Adaptive security appliance (ASA) features
A firewall is a type of network security system that responds to incoming or outgoing packets according to preset rules based on their IP address and port number. Adaptive Security Appliance is what Cisco calls its firewall (ASA).
There are a number of models in the Cisco ASA 5500 series, including the Cisco ASA 5505, Cisco ASA 5510, Cisco ASA 5515-X, Cisco ASA 5520, Cisco ASA 5525-X, Cisco ASA 5540, Cisco ASA 5550, Cisco ASA 5555-X, and Cisco ASA 5585-X.
Adaptive Security Appliance (ASA) is a Cisco security product that combines basic firewall functionality with VPN support, antivirus protection, and a number of other features. The following are some ASA features:
- Packet filtering: It is the straightforward process of filtering an incoming or outgoing packet based on the rules set forth in the ACL that has been configured for the device. It includes a number of allowable or prohibited conditions. No other rule is matched and the matched rule is executed if the traffic satisfies one of the rules.
- Stateful filtering: If a packet is generated from a higher security level to a lower security level by default, ASA performs stateful tracking of the packet. TCP and UDP reply traffic will by default be allowed and will be able to, for example, telnet the other device in Lower security level if the traffic is initiated by the devices in Higher security levels for lower security levels device (as destination). This is due to stateful inspection being enabled by default, which maintains a stateful database (in which an entry about the source and destination device information such as IP address, port numbers are maintained).
- Routing support -Static routing, default routing, and dynamic routing protocols like EIGRP, OSPF, and RIP are all supported by the ASA.
- ASA's transparent firewall has two modes of operation:
- Routed mode: In this mode, the ASA functions as a layer 3 device (router hop) and requires that its interface have two distinct IP addresses, which translates to two distinct subnets.
- Transparent mode: In this mode, ASA operates at layer 2 and requires only a single IP address to manage ASA-related tasks because both the internal and external interfaces serve as a bridge.
- Support for AAA services is provided by ASA either through a local database or a third-party server like ACS (Access Control Server).
- VPN support - ASA supports SSL-based and policy-based VPNs such as point-to-point IPsec VPNs (including site-to-site VPN and remote access VPNs).
- IPv6 support - ASA (new versions) supports static and dynamic IPv6 routing.
- VPN load balancing is a Cisco ASA feature that is proprietary to Cisco. A number of ASA units can simultaneously share a number of clients.
- Stateful failover - ASA supports a pair of Cisco ASA devices for high availability. The other ASA device will continue operating normally even if one of the ASA fails. When stateful failover is enabled, the active unit continuously transmits backup device connection state data. The new active unit has access to the same connection information following the failover.

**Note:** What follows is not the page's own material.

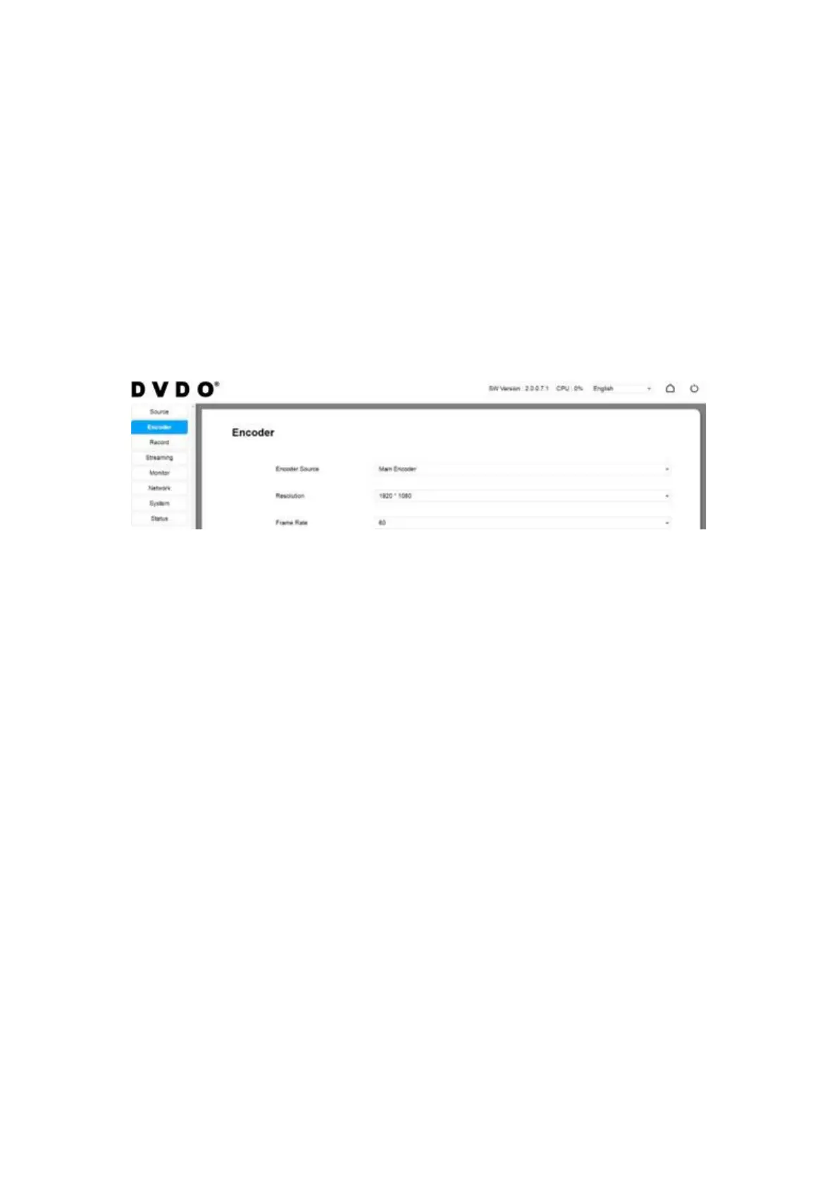 The video encoding resolution and bitrate can be adjusted in the Encoder section. DVDO-

- With Cisco ASA's clustering feature, we can set up multiple ASA devices as a single logical device. There can be a maximum of 8 cohesive units in the cluster. High throughput and redundancy are both produced as a result of this.

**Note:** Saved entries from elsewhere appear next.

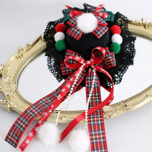 Plaid Lace Bear-Themed Hat with Christmas Mini
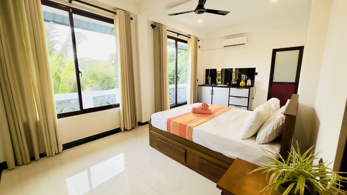 Experience comfort at Astro Villa’s first-floor suite, featuring an A/C bedroom, private kitchen, and bathroom. Relax on the balcony and soak in the tropical vibes, just a short distance from Weligama’s hotspots like Marriot, W15, and Kurumba Bay. Perfect for couples or solo travelers, this stylish space offers free Wi-Fi, parking, and a cozy ambiance. Whether you’re here for surfing, dining, or simply unwinding, this private getaway ensures a hassle-free and memorable stay.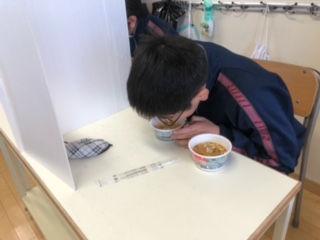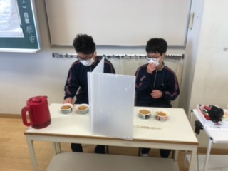 二年生の地理では日本の地域区分の授業を行いました。西日本と東日本では味付けが違うことを西のどん兵衛と東のどん兵衛を食べ比べて感じました!

- Advanced Malware Protection (AMP) - Cisco ASA supports Next-Generation firewall features that can provide advanced malware protection in a single device by combining traditional firewall features with NGFW features.
- MPF, or the Modular Policy Framework, is used to specify policies for various traffic flows. In order to use advanced firewall features like QoS, Policing, prioritising, etc., it is used in ASA.
In order to use MPF, we define the Class-map to identify the type of traffic, the Policy-map to determine what actions, such as prioritising, should be taken, and the Service-Policy to determine where they should be used.